━━━━━ Provided information ━━━━━
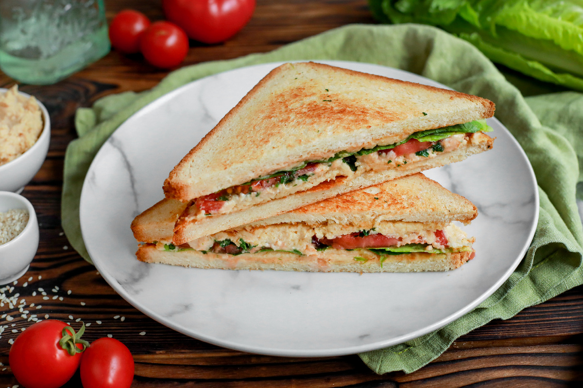 Шаг 3: Нарежьте помидор на кольца, а у листьев салата отломите стебель. На поджаренный хлеб выложите хумус, посыпьте кунжутом, добавьте нарезанные помидоры и листья петрушки. Накройте вторым ломтиком хлеба. Повторите процесс со вторым тостом, затем разрежьте его пополам и подавайте к столу.
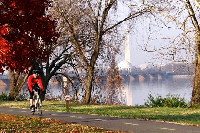 Con una extensión de más de 18 millas, el sendero Mount Vernon es una visita obligada para las familias que disfrutan andar en bicicleta juntas.
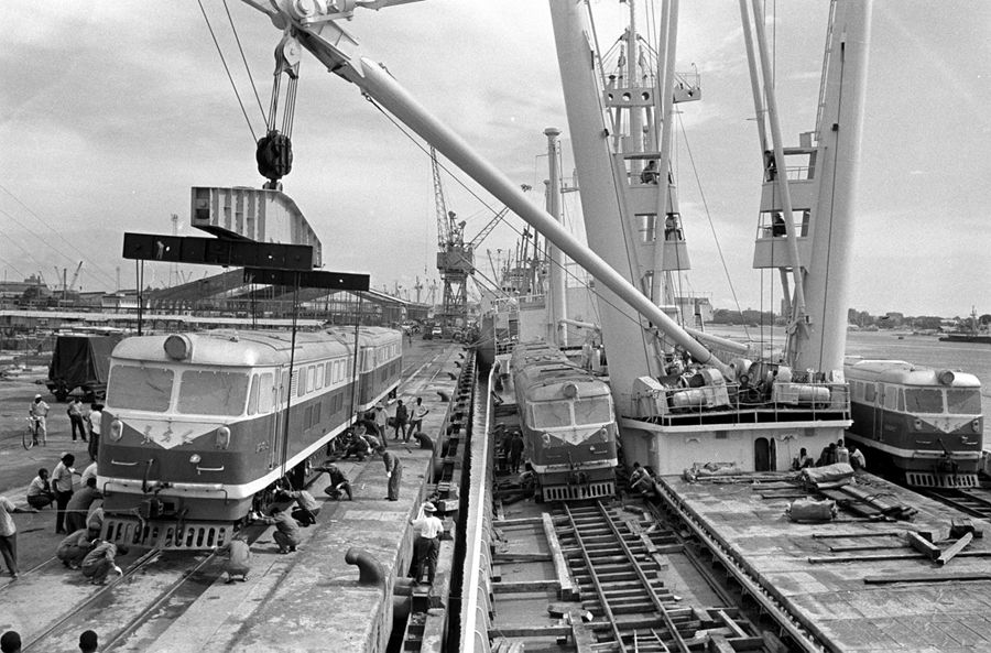 图为中国援助坦赞铁路的首批机车运抵坦桑尼亚达累斯萨拉姆港口。新华社图片
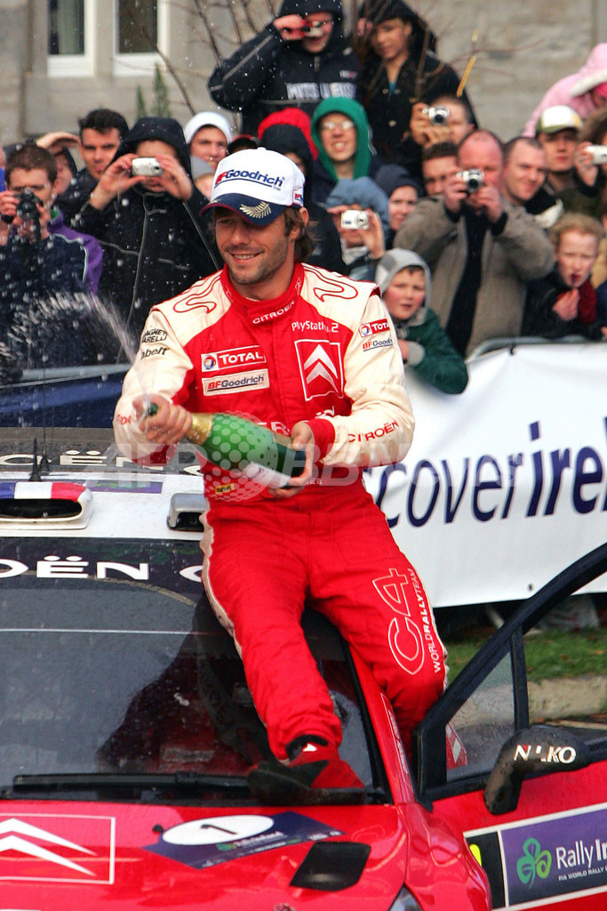 【11月19日 AFP】(写真追加)世界ラリー選手権(WRC)・第15戦、ラリーアイルランド、第3レグ。総合首位からスタートしたシトロエンC4(Citroen C4)のセバスチャン・ローブ(Sebastian Loeb、フランス)は、合計タイム3時間01分39秒2を記録してシーズン8勝目を挙げた。
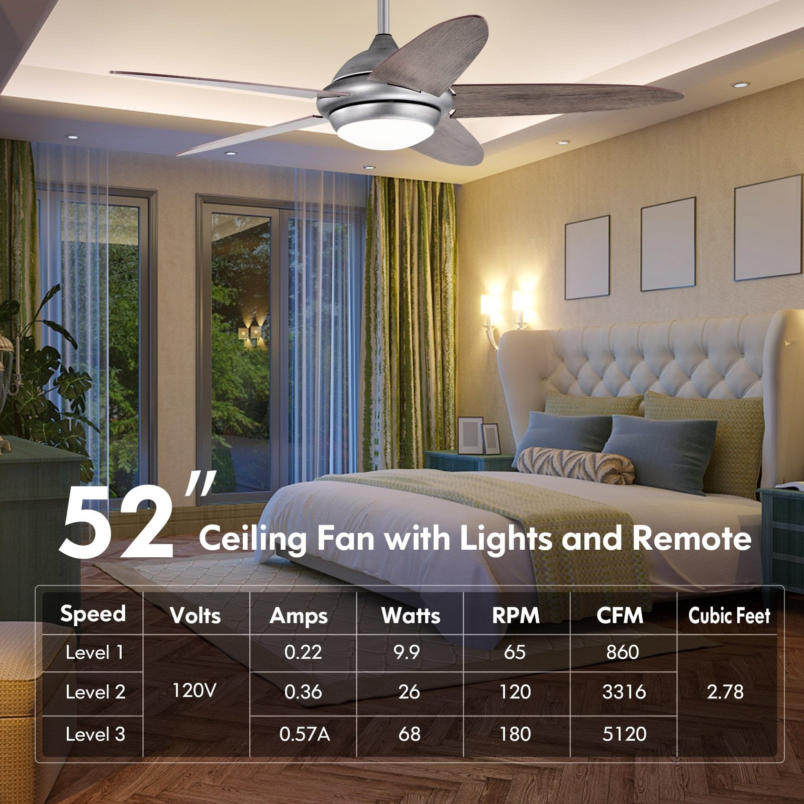 52 Inch Ceiling Fan with Lights and 3 Lighting Colors-Silver Gray
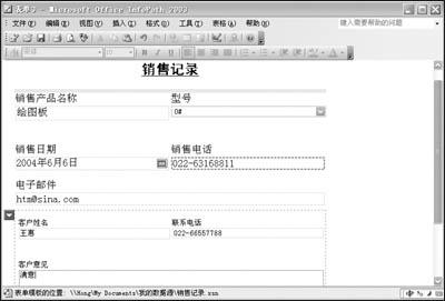 在创建表单前,首先对表单中的内容和版式进行策划,这样我们做出的表单即美观又完整。例如在创建“销售记录”表单前首先对需要创建的销售记录表单中的内容进行策划,该表单内容包括:表单名称、销售日期、销售产品名称型号、销售电话、电子邮件、客户信息等内容。根据表单的具体内容下面我们就可以设计表单了。
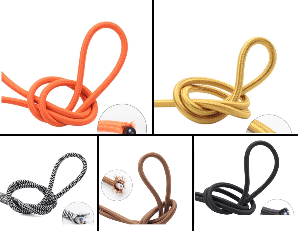 2m 3m 5m 10m 20m 30m 40m 250V 2 núcleos 0.75mm tecido de fio elétrico têxtil tecido trançado cabo flexível cabo de lâmpada vintage
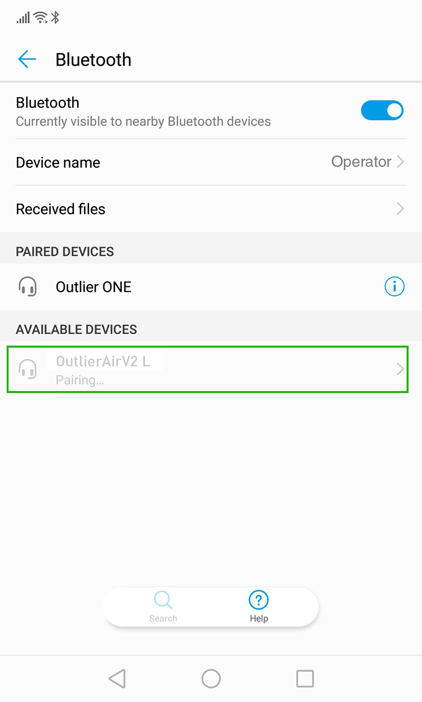 Switch on Bluetooth on your device. Search and pair your device with Outlier Air V2. Tap on the left earbud's name on screen to pair. The right earbud will prompt on your device to pair after.
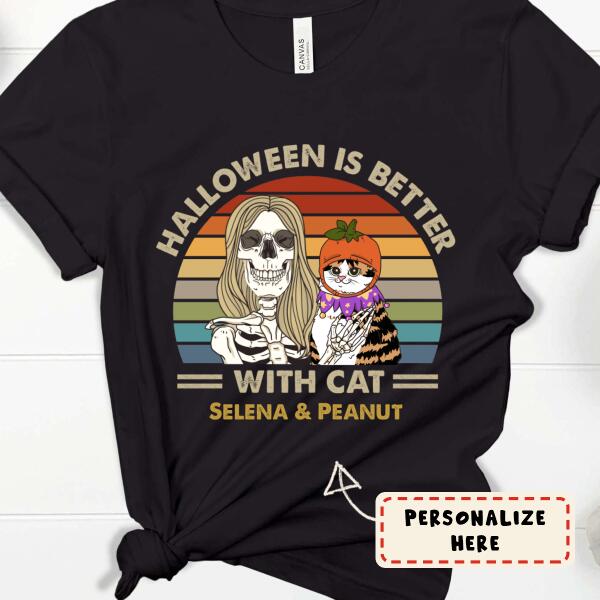 Personalized Girl And Cat Halloween Is Better With Cat Premium Shirt
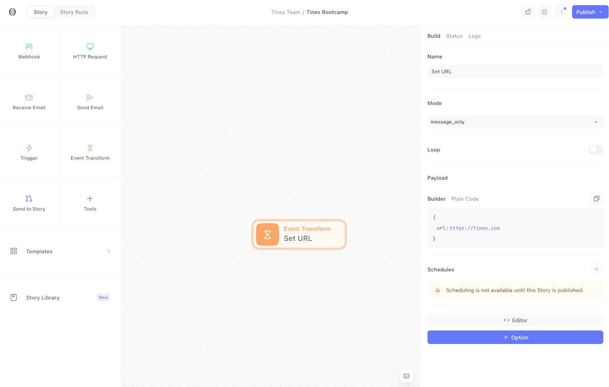 Tines exists to empower people to automate work without needing coding knowledge. The goal of this bootcamp is to introduce new users to some of the core concepts of Tines. We will walk you through creating a simple URL analysis story. By the end, you should be comfortable enough to build your own story from scratch and have a new understanding of how you could reclaim valuable time by automating your repetitive workflows.
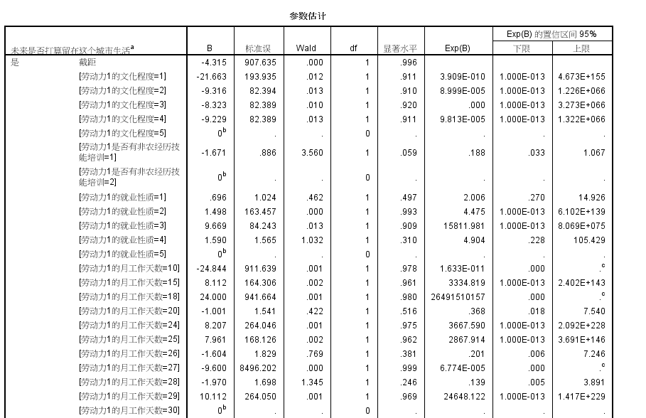 劳动力月工作天数这一变量建议以连续变量的形式纳入模型,而非以类别变量的形式纳入。同时,看你变量的对应的回归系数及相应的exp(B)值,极其不正常。多类别变量建议处理为虚拟变量,然后再纳入模型。此外,个人觉得你可能没有找准影响个人是否留在城市生活的关键因素,如收入能力、社会排斥等。祝好运~
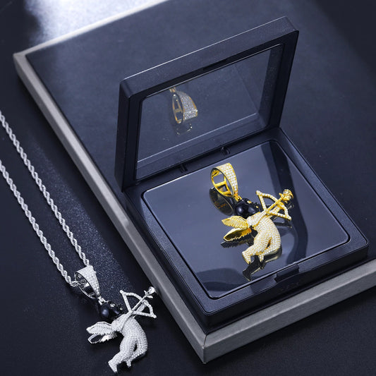 Ange Glacé Plaqué Or Blanc avec de grandes ailes
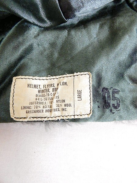 Goods&Antique ブランドBREENBRIER INDUSTRIES カラーセージグリーン メール便不可 コンディション★★ 素材ナイロン/アセテート(半合成繊維)・ウール 表記サイズL スタッフコメントB9Bヘルメットフライヤーキャップ。 ※ 左耳あて後ろに縫製ほつれがありますが、耳あてを上げた状態だとほぼ目立たなくなります。 実寸サイズ 頭周り 61 cm
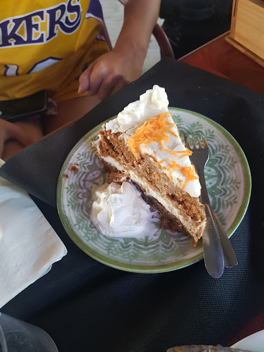 Read moreBuen local, a pie de playa. Hemos estado muy agusto. Llegamos para un café y al final hemos pedido unas bebidas y cenado algo. Hay un escenario con mesas que a veces utilizan para tener música en vivo. Tiene sitio techado y terraza en la arena. Sitio genial para comer y copas junto a la playa. La carta tiene variedad, tanto carne, pescado, entrantes, ensaladas y algunas cosillas de comida árabe. Primero pedimos café y tarta de zanahoria, casera y muy sabrosa, consistente pero mojada, deliciosa al paladar. Después, Alhambra especial fresquita, vino blanco, agua con gas, ensaladilla rusa y pastela de pollo. La ensaladilla rusa muy rica y bien presentada. La pastela no me entró mucho por la vista. De sabor, el relleno muy bueno pero he probado pastelas mejores. A mí me gusta más con hojaldre y crujiente. Después pedimos hummus y pollo con cous cous. El hummus muy bueno y con bastones de zanahoria para acompañar y rodajas de pepino. El pollo muy bien especiado y cocinado. Los platos un poco pequeños para mi gusto, aunque tampoco son muy caros. Recomendable. Me gustaría volver cuando haya música en viva. El ambiente, la música y los...
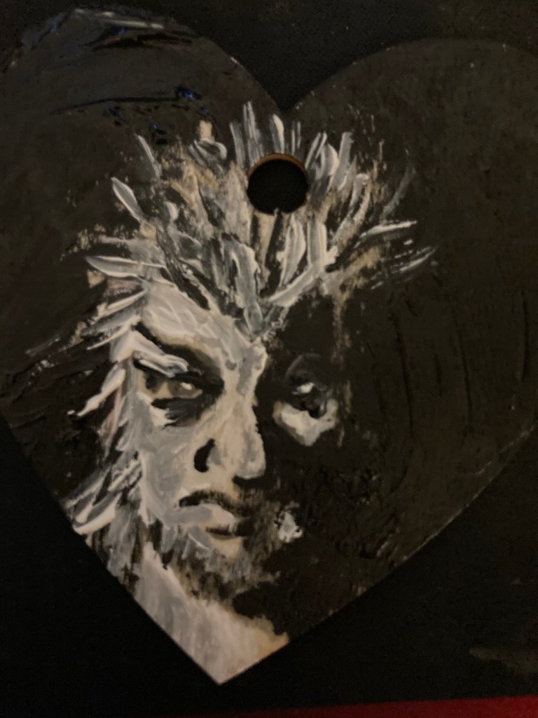 Especially considering I did it in very little time, and that I was reproducing a much larger piece onto the back of one of the wooden Valentine’s Day hearts, which fit in the palm of my hand. Been working on smaller detail work.
━━━━━
Everything above from the line with "在创建表单前,首先对表单中的" through the line with "2m 3m 5m 10m" should be retyped exactly, and nothing else; omit pictures.

 在创建表单前,首先对表单中的内容和版式进行策划,这样我们做出的表单即美观又完整。例如在创建“销售记录”表单前首先对需要创建的销售记录表单中的内容进行策划,该表单内容包括:表单名称、销售日期、销售产品名称型号、销售电话、电子邮件、客户信息等内容。根据表单的具体内容下面我们就可以设计表单了。
 2m 3m 5m 10m 20m 30m 40m 250V 2 núcleos 0.75mm tecido de fio elétrico têxtil tecido trançado cabo flexível cabo de lâmpada vintage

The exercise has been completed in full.